### PROBLEM TO WORK ON
Copy, word for word, the lines of the listing below from the line with "2016 Summer Fashion" up to and including the line with "A gorgeous Towle". Drop the pictures.
:::
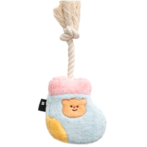 ふわふわ素材とロープ遊びの組み合わせで、引っ張り遊びやピーピー音になるが楽しめるおもちゃです!
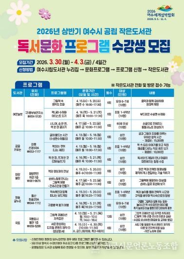 전국신문언론노동조합 강찬희 기자 | 여수시는 오는 3월 30일부터 4월 3일까지 공립 작은도서관 ‘2026년 상반기 독서문화 프로그램’ 수강생을 모집한다고 밝혔다.
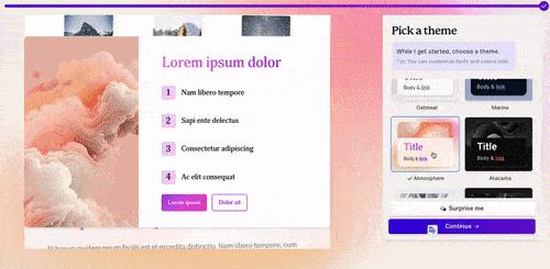 一切就绪之后,点击“继续”,Gamma将根据主题为你提供不同色调的模版配色选择。选定模版后不满意不要紧,你可以随时对模版的配色和内容细节进行调整。
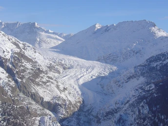 This is an easy and short 30-minute winter hike. From the Aletschbord there is a fantastic view of the Great Aletsch Glacier in its winter guise. The Great Aletsch Glacier is part of the UNESCO Jungfrau-Aletsch World Heritage Site. In terms of area, it is the largest and longest glacier in the Alps. The glacier is 22.75 kilometres long.
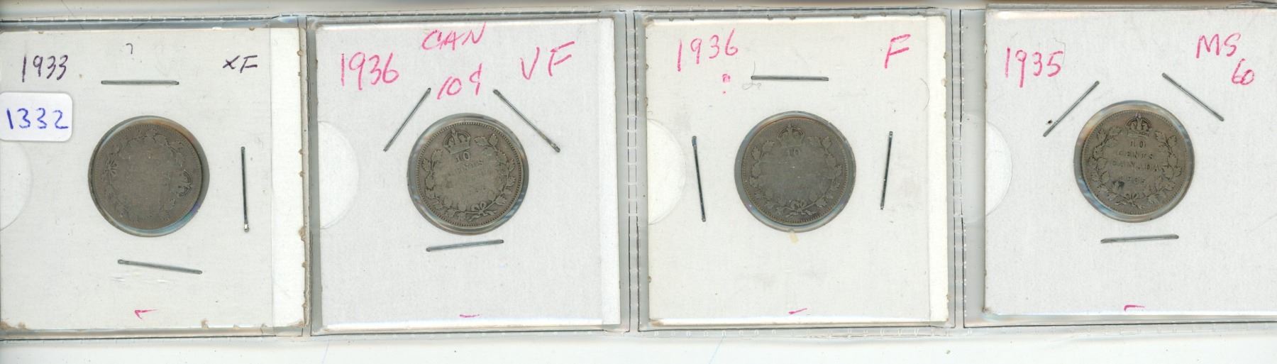 Strip of 4 Canadian Ten Cent Coins.
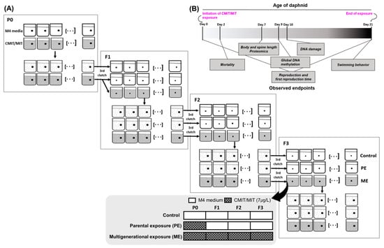 Considering the widespread use of CMIT/MIT and its continuous detection in surface waters [], it is necessary to evaluate the impact of CMIT/MIT on aquatic ecosystems using keystone species over multiple generations. Herein, we investigated the toxicity of CMIT/MIT to Daphnia magna under two exposure scenarios (i.e., only parental exposure and recovery (PE) vs. exposure of four consecutive generations; multigenerational exposure (ME)) by measuring phenotypic biomarkers, DNA damage, and global DNA methylation over four consecutive generations.
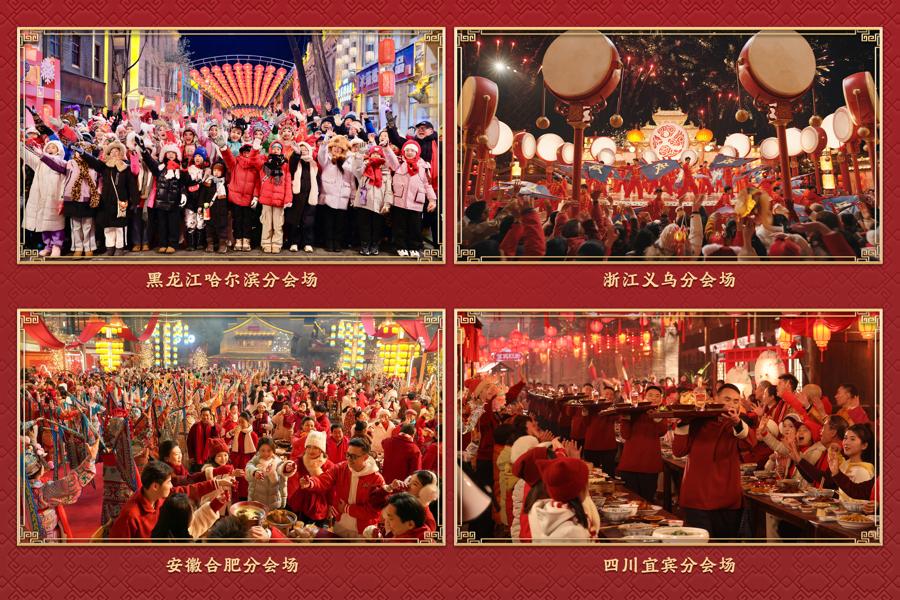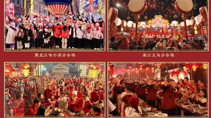 四地分會場各具風韻,從冰天雪地到長江之濱,從科創沃土到商貿新城,在新大衆文藝的創新創造裏展現各地年景。哈爾濱分會場融合表演唱、交響樂、芭蕾舞等表演形式,以故事化表達串聯起城市地標,帶觀衆沉浸式感受“東北老鐵”的熱情豪爽,傳遞“冰雪暖世界”的獨特魅力。義烏分會場在全球數貿中心設立主舞臺,表演融入撥浪鼓、婺劇、迎龍燈等地方元素;在熱情四溢的歌舞中,中外文化相匯交融,四海暢聯、八方通達的氣象撲面而來。合肥分會場的水墨舞蹈、黃梅戲等接連登場,映照出徽風皖韻的風情;在主舞臺駱崗公園上空,低空飛行器列陣翻飛,碰撞出科技與人文的璀璨火花。宜賓分會場以“萬里長江第一城”的浩蕩江景爲幕,民俗活動“請春酒”貫穿全場,三江六岸歡歌笑語,家人圍坐、燃面飄香、喜樂滿堂。
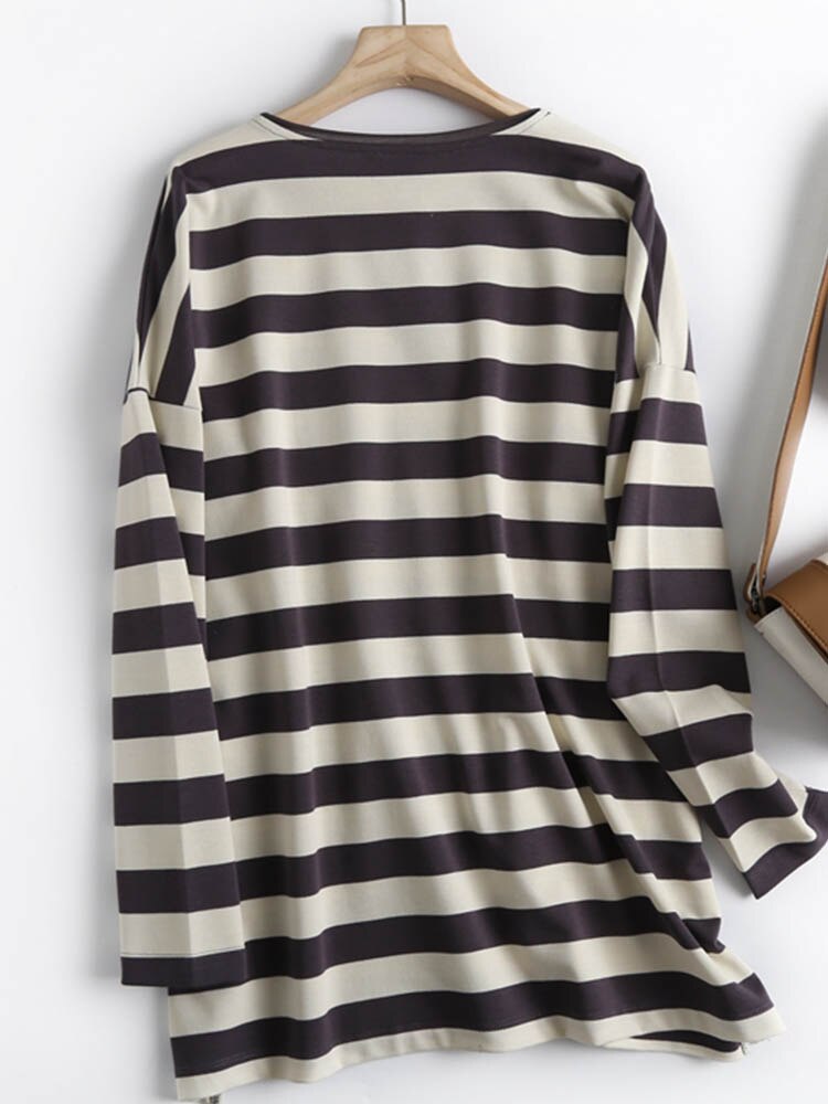 Znbbw Women High Quality Striped Print Sweatshirts Long Sleeve O Neck Loose Pullovers Female Tops
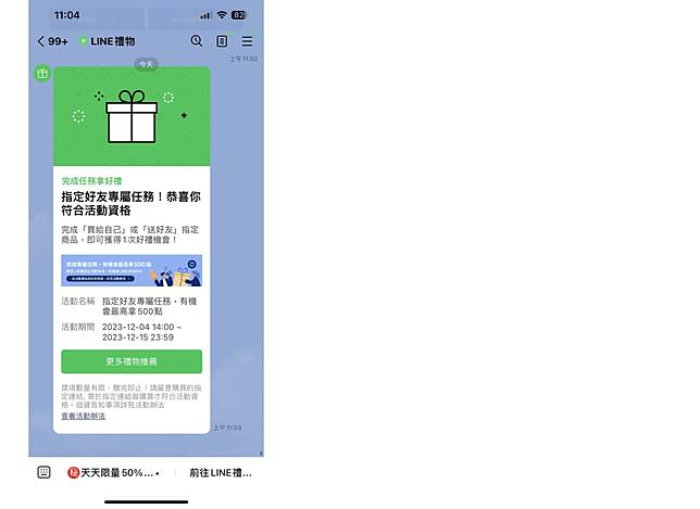 1. 符合本活動資格者將於2023年12月04日(一)起收到「LINE禮物」官方帳號發送之「指定好友專屬任務」活動通知。
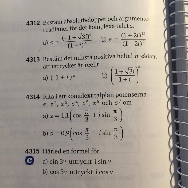 uppgift 4315.. kan inte få till det, vet att det ska ha något med moivres formel att göra. Hur skriver jag om det som ett komplext tal och sedan finner något uttryck där 3v = v eller något...
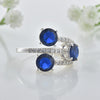 Elegant Three-Stone Blue Sapphire & CZ Accent Ring
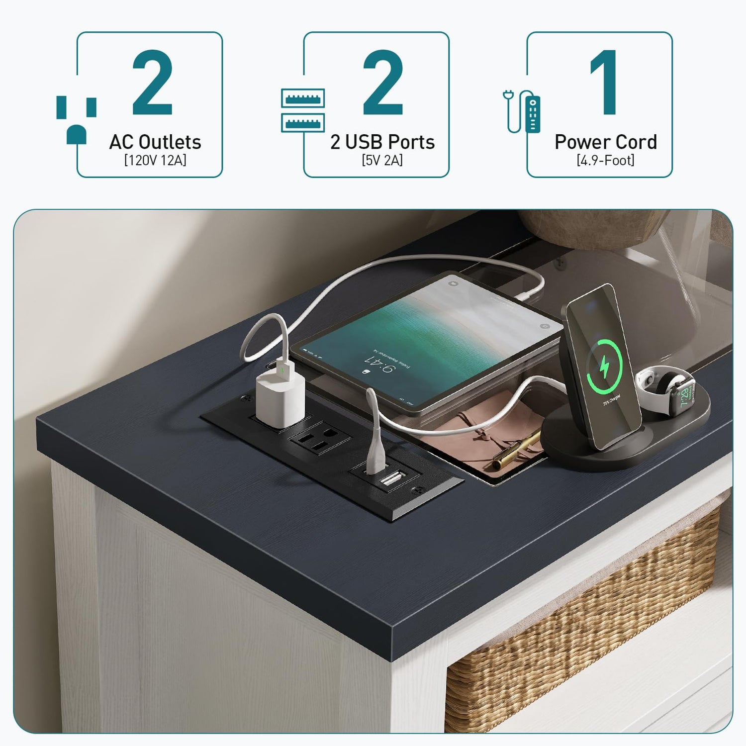 - Charging Central: Featuring 2 AC outlets and 2 USB ports, this entryway table enables the simultaneous charging of multiple electronic devices. The cable management hole at the back of this console table helps to keep cords organized and untangled
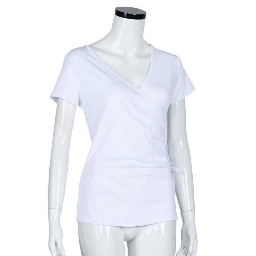 2016 Summer Fashion Women Top Tees Short Sleeve V Neck T-shirt Casual Tee Shirt Femme Top Camiseta Feminina 2 Colors YE
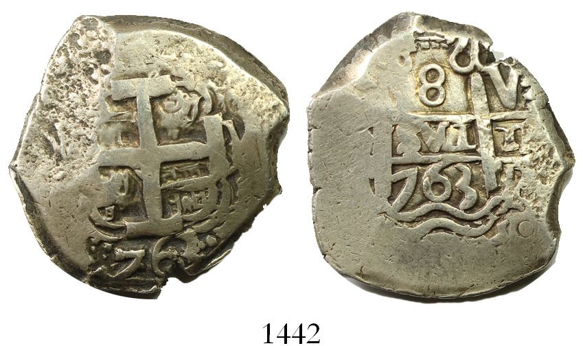 Potosi, Bolivia, cob 8 reales, 1763V-(Y). S-P57; KM-45 ;CT-950. 27.09 grams. Nice for era, with 2 bold dates and bold assayer V, nearly full cross, VF with lightly toned fields.
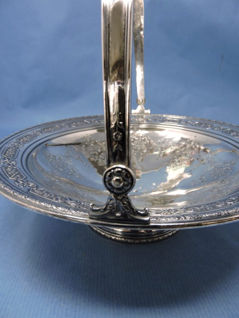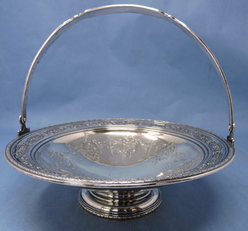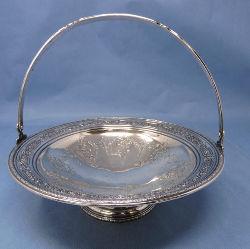 A gorgeous Towle USA engraved sterling silver basket with floral decoration and a hinged handle.
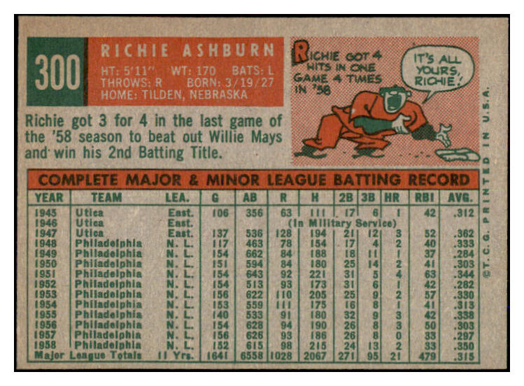1959 Topps Baseball #300 Richie Ashburn Phillies EX 527512
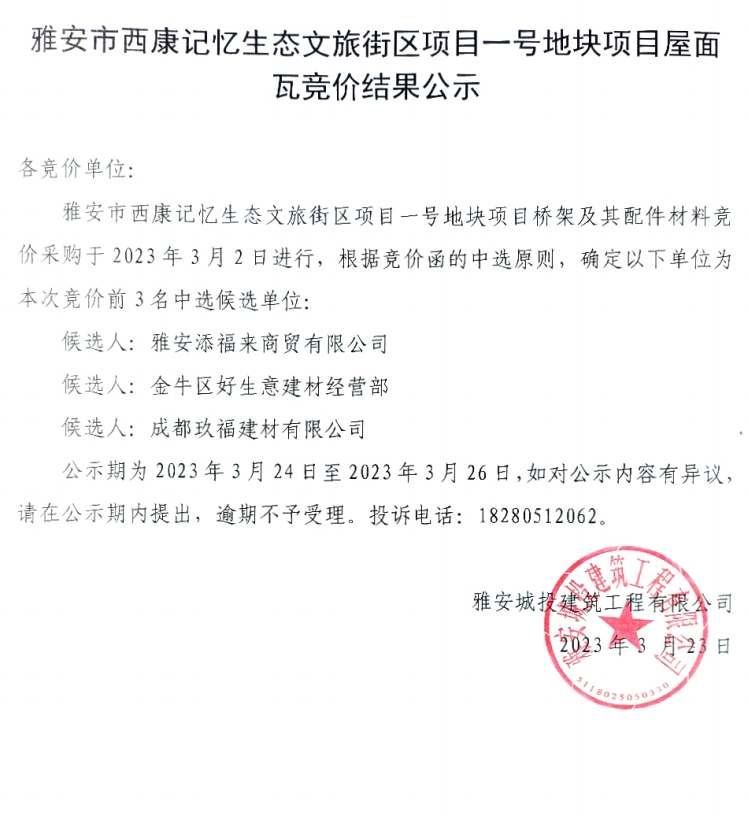 雅安市西康記憶生態(tài)文旅街區(qū)項目一號地塊項目屋面瓦競價結(jié)果公示
:::
### ANSWER BOX
 2016 Summer Fashion Women Top Tees Short Sleeve V Neck T-shirt Casual Tee Shirt Femme Top Camiseta Feminina 2 Colors YE
 Potosi, Bolivia, cob 8 reales, 1763V-(Y). S-P57; KM-45 ;CT-950. 27.09 grams. Nice for era, with 2 bold dates and bold assayer V, nearly full cross, VF with lightly toned fields.
 A gorgeous Towle USA engraved sterling silver basket with floral decoration and a hinged handle.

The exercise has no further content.